Radiologic findings of osteopetrosis include diffuse sclerosis of the bones with a typical “bone in bone” appearance, “Batman sign,” metaphyseal changes, and fractures [1, 3, 7]. Whole body skeletal survey of our patient was specific for typical radiologic findings of osteopetrosis. She had uniformly dense, homogeneous, and sclerotic bones. The typical “space alien” face was remarkable on anteroposterior radiograms of the skull. Some infants with MIOP are at a risk of developing hypocalcemia with attendant tetanic seizures and secondary hyperparathyroidism [1, 2, 4]. There is also sufficient data in the current literature about infantile osteopetrosis complicated by paradoxal rickets . Our patient developed tonic seizures on the second day of her life. However her concurrent laboratory tests did not support the presence of any electrolyte imbalance and her epileptiform seizures were attributed to her existing hydrocephalus.
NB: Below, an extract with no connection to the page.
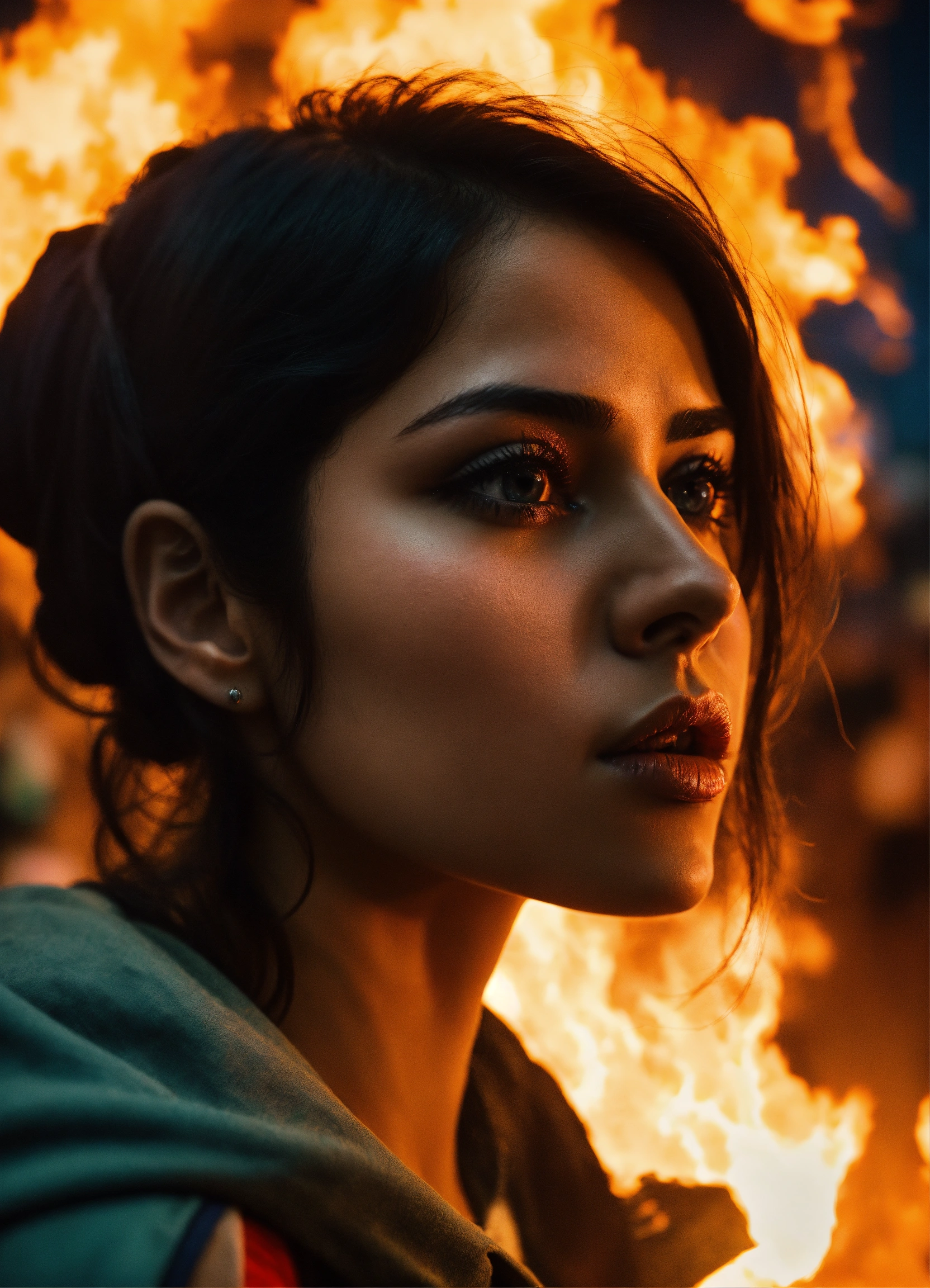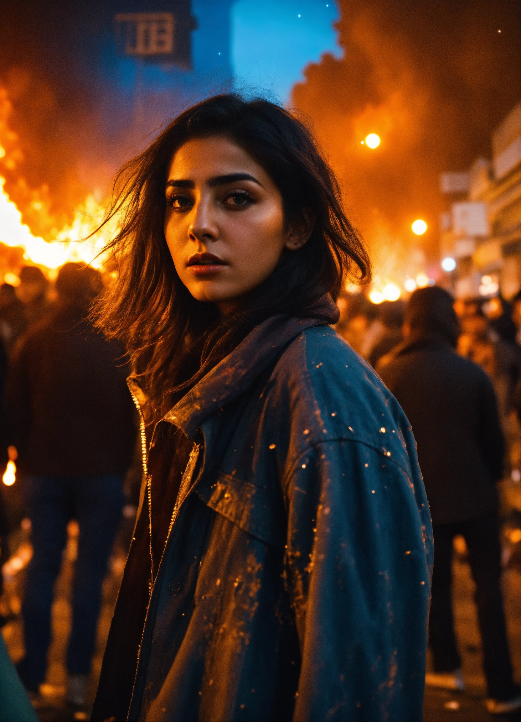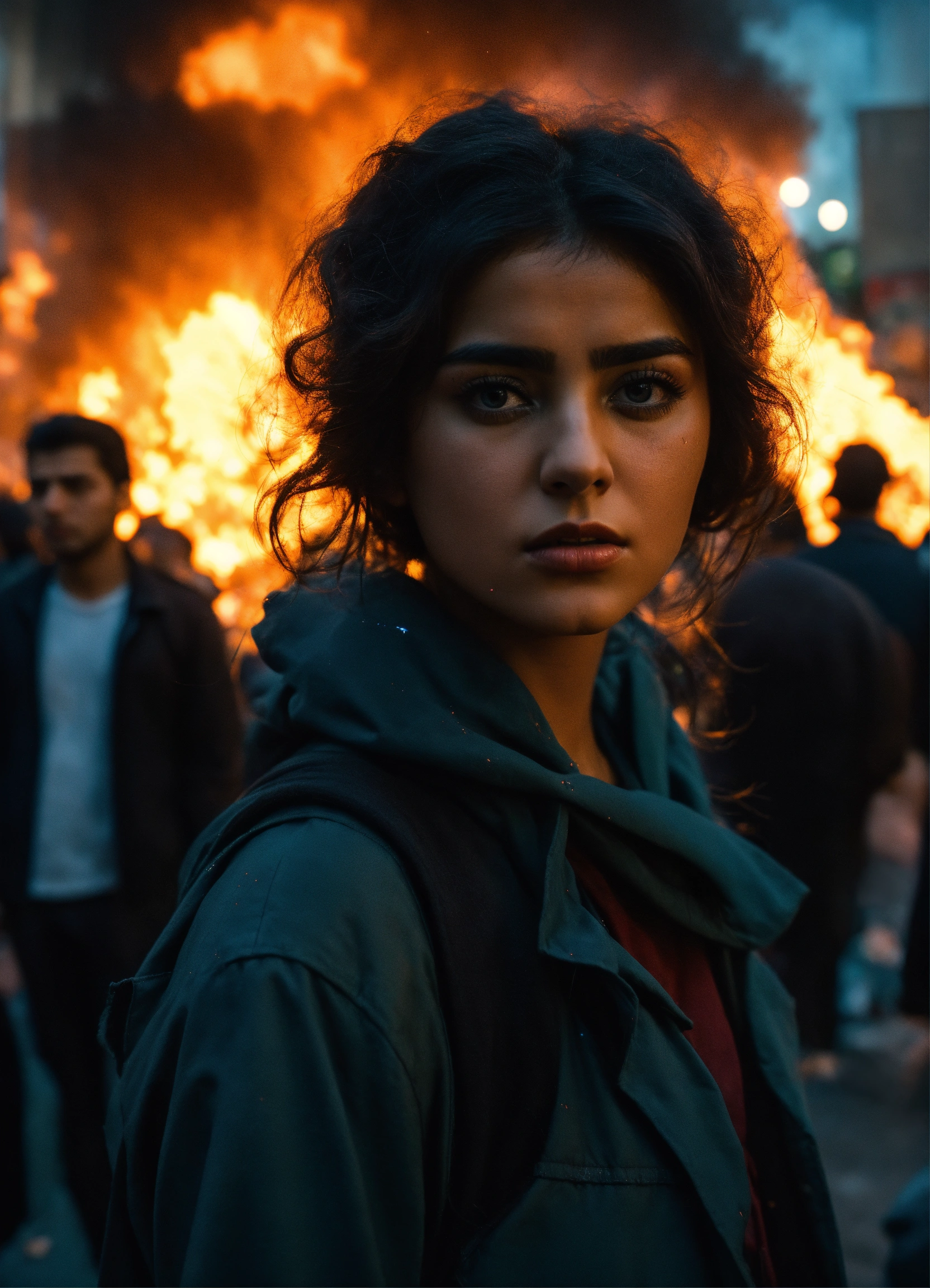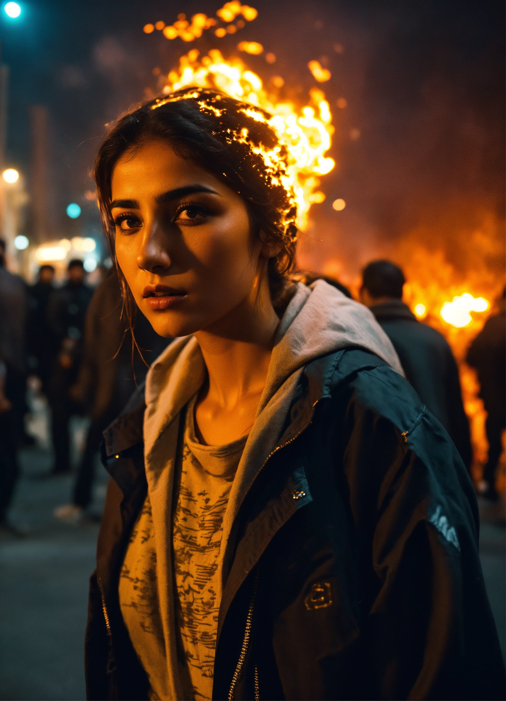 Medium close-up, dark aesthetic photo, an iranian girl amidst a chaotic street protest in tehran, the scene is filled with tension and unrest, as flames from an explosion illuminate the night sky, stunning surreal photo of an intense scene. she is looking at the camera, extremely detailed, realistic photo, 4k realistic photo

So far, in only a few articles, the relationship of MIOP with endocrinopathies other than the disorders of bone metabolism has been reported. Cases of congenital hypothyroidism and osteopetrosis complicated with slipped capital femoral epiphysis have been already cited in the medical literature [1, 3, 4]. Since mutations in TCIRG1 gene are present in most patients with the autosomal recessively inherited MIOP, one can expect impaired glucose metabolism in such patients. However an association between osteopetrosis and hypo- or hyperglycemia has not been described yet. Unfortunately we could not perform genetic analysis in our patient. However with regard to the presence of prolonged jaundice, persistent hypoglycemia, central hypothyroidism, and ACTH stimulation test results supporting secondary adrenal insufficiency and sclerotic dysplasia of the sella turcica detected on pituitary MRI, our patient was diagnosed with hypopituitarism. As is known, congenital hypopituitarism due to specific genetic disorders accounts for nearly 20% of multiple pituitary hormone deficiencies. However the majority of cases consist of acquired hypopituitarism due to different causes. In our case, hypopituitarism presenting with central hypothyroidism and secondary adrenal insufficiency was thought to be associated with the sclerotic dysplasia of the sella turcica and anterior pituitary injury.
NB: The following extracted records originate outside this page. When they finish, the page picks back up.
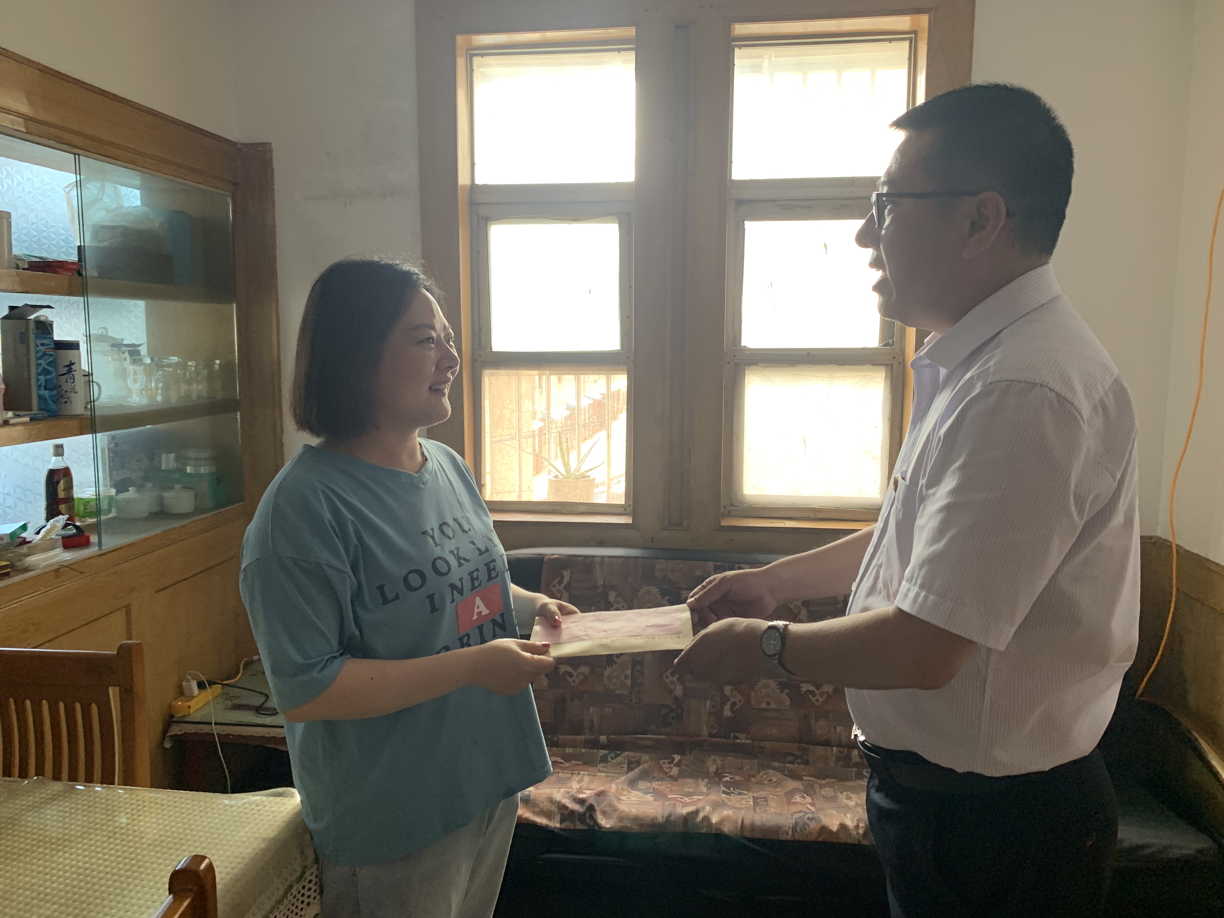 7月1日上午,快客公司领导班子一行四人来到困难党员沈益健的家里,探望慰问了沈益健的妻子,给他们送去了组织的关怀和温暖。
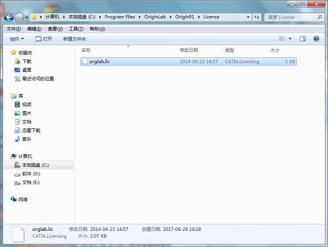 2、再将Crack中的orglab.lic文件,复制到软件目录中的license文件夹内,默认路径为C:\Program Files\OriginLab\Origin91\License
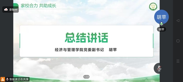 为持续深化家校协同育人机制,凝聚教育共识,助力2026届毕业生顺利升学就业,经济与管理学院于9月13日晚以线上方式召开毕业生家长会。学院党委副书记胡苹、毕业班辅导员张延波与近两百名家长云端相聚,共商学生成长大计,共谋未来发展路径。

Until recently, the prognosis for this disorder had been uniformly dismal with death usually occurring within a few months of diagnosis. Hemopoietic stem cell transplantation (HSCT) is the only curative therapy for patients with MIOP [9, 10]. The success rate of HSCT varies depending on the type of the donor. Patients receiving grafts from HLA-identical siblings have a five-year disease-free survival rate of 73–79%, while transplantations with unrelated or mismatched donors have disease-free survival rates ranging between 13 and 45 percent . Irreversible neurologic impairment occurs in early infancy despite successful HSCT . Therefore HSCT is recommended as soon as the diagnosis is made, if possible before the age of 3 months. Novel treatments including in utero stem cell treatment, receptor activator of nuclear factor kappa-B ligand (RANKL) replacement therapy, and denosumab therapy for hypercalcaemia are under discussion in the current literature [9, 10]. In this respect, our patient was referred to another hospital for HSCT at postnatal 50 days but unfortunately she died because of a fungal sepsis before the application of the procedure.
In conclusion, MIOP is a progressive disease which can present through a variety of clinical manifestations. The frequency of certain clinical and laboratory features may vary depending on the underlying genetic defect. The concomitant occurrence of MIOP with endocrine disorders apart from derangements in bone metabolism is quite rare. Based on our literature review, our patient is the first newborn infant reported so far who presented with manifestations of hypopituitarism due to sclerotic dysplasia of the sella turcica and was definitively diagnosed by histopathological examination of the bone marrow biopsy specimens. In this respect we would like to emphasize the importance of careful evaluation of MIOP patients for several organ dysfunctions including central nervous system pathologies and secondary hormonal disturbances. We would also like to underline the importance of interpreting plain chest X-ray of an infant with regard to bone density since a careful examination may provide an opportunity for a rapid diagnostic and therapeutic workup. Finally since we could not perform a genetic analysis in our patient, we are not able to discuss the existence of a possible specific mutation giving rise to the unusual combination of MIOP with hypopituitarism. However we believe that further genetic studies will provide more detailed data about this interesting topic.
Conflict of Interests
The authors declare that they have no conflict of interests.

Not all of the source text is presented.